I absolutely loved this Megan Kelso graphic novel--a kind of anthropological/fictional-historical fantasy/love story thing involving a fractured culture of people with artichoke leaves for hair--and I'm not afraid to say so. Different versions of a few chapters of it appeared in various anthologies close to a decade ago (there was a considerably more explicit version of one of its final sequences in Fantagraphics' "Dirty Stories," in fact), but I didn't really grasp the scope of Kelso's achievement until I got to read the whole thing. There are links to two different previews here.

* ¢ ¥ BATMAN: R.I.P.

The paperback edition: eight particularly good issues of "Batman," for fifteen bucks. I recall that this baffled a lot of people at the time, not least because it's a story in which Grant Morrison makes it clear that Batman does not even appear to die at any point, but I went back and re-read the whole thing last week, and it holds up amazingly well, despite some hiccups with Tony Daniel's art. (And the last page of "R.I.P." proper is one of Morrison's great end-of-story whammies.) In additional Morrison-reprint news, this week sees a forty-dollar hardcover edition of "Seven Soldiers, Volume 1," reprinting the first half of his phenomenal mid-'00s project, and a one-dollar reprint of "New X-Men" #114, the first issue of his and Frank Quitely's late-'90s run.

* ^ ¢ BILLY HAZELNUTS AND THE CRAZY BIRD

"Maakies" cartoonist Tony Millionaire's "all-ages" sequel to "Billy Hazelnuts," and by "all-ages" he apparently means that it's the kind of grotesque slapstick farce that could potentially entertain small children while creeping the living heck out of their parents (let's just say the main running gag in this story involves the protagonist being eaten alive). Preview.

¥ DC UNIVERSE LEGACIES #2

Len Wein's history of superheroics in the DCU continues with art by Andy and Joe Kubert, all-purpose utility infielder Scott Kolins, and the mighty J.H. Williams III--I hope Williams gets to draw the sequence involving the Seven Soldiers of Victory, who Wein memorably revived in the early '70s and Williams even more memorably revived a few years ago (see below). Speaking of Williams, this week also sees a $1 reprint of "Detective Comics" #854, the first episode of his and Greg Rucka's kick-ass "Batwoman" serial.

% ¢ HELLBLAZER #268

It's been a while since Vertigo's done an internal crossover (other than the Fables mini-line), but apparently this issue involves Shade the Changing Man.
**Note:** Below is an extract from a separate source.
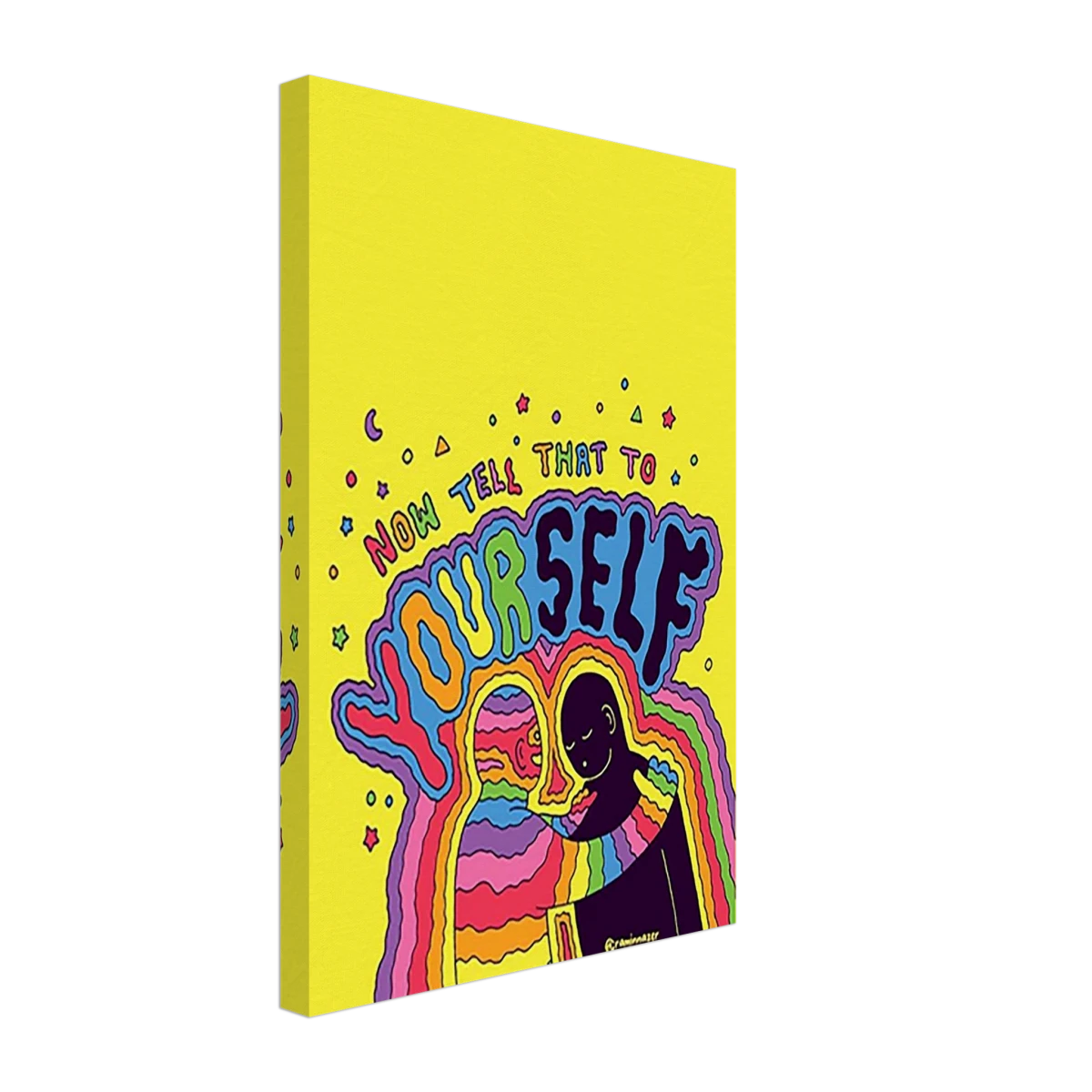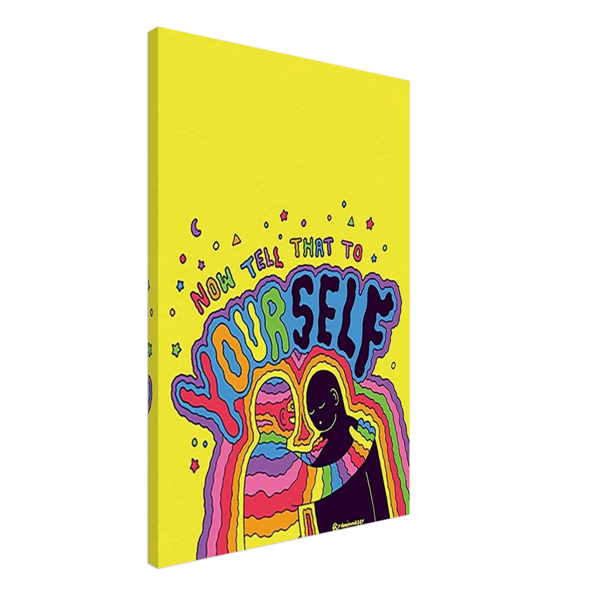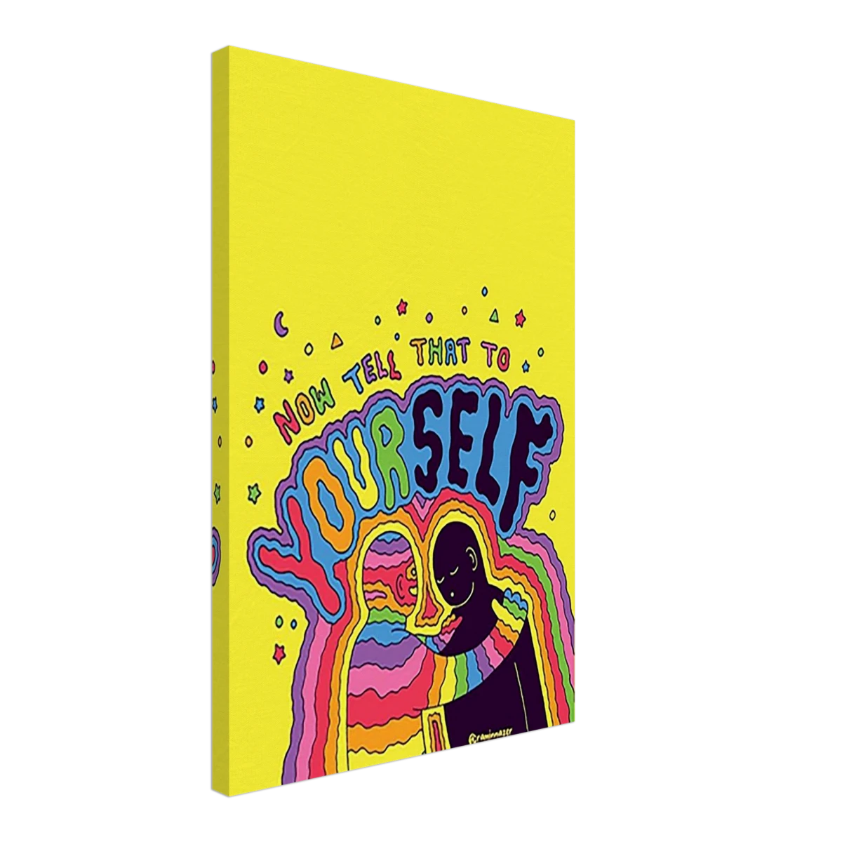 Step into a burst of color and compassion with Now Tell That to Yourself – a striking pop-art-inspired creation that champions self-love and emotional awareness. Set against a radiant yellow backdrop, this piece features a rainbow-cloaked figure embracing its shadow self, surrounded by hypnotic waves of color and the bold reminder: Now tell that to yourself.

Written by Peter Milligan (who wrote Vertigo's "Shade" series); drawn by Giuseppe Camuncoli.

¥ HERALDS #3

Kathryn Immonen and Tonci Zonjic's thoroughly nifty weekly miniseries about various superheroines--part character comedy, part high-Marvel Cosmic--continues. Preview.
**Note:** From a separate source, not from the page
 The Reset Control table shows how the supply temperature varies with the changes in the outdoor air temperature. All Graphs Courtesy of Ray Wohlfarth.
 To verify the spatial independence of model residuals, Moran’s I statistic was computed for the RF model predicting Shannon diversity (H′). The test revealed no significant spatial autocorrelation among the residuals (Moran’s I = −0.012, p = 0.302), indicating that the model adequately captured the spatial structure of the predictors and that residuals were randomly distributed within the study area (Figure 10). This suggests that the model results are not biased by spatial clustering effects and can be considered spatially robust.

% ¢ THE JOKER'S ASYLUM: MAD HATTER

The great Bill Sienkiewicz apparently drew this entire issue--the first time he's done the interior artwork for a full comic since, I believe, 30 Days of Night: Beyond Barrow in 2007, and I think it'd been a long time for that. Also out this week: another "Joker's Asylum" one-shot, "Harley Quinn," drawn by Joe Quinones, whose work is worth keeping an eye on too (he drew that Green Lantern serial in "Wednesday Comics").

% NEW AVENGERS #1

I don't understand why Brian Michael Bendis and Stuart Immonen don't simply call this series "New New Avengers," along the lines of "New New Minglewood Blues." Preview.

^ ¥ TEMPERANCE

Russ Manning Award winner Cathy Malkasian's new graphic novel is a sprawling, splendidly grotesque-looking fable about the kinds of lies that preserve patriarchy and perpetuate war, set in and around a city called Blessedbowl whose inhabitants believe that they're afloat on a sea of fire and at war with evil forces from outside, neither of which are true. It's worth a look for sure. Preview.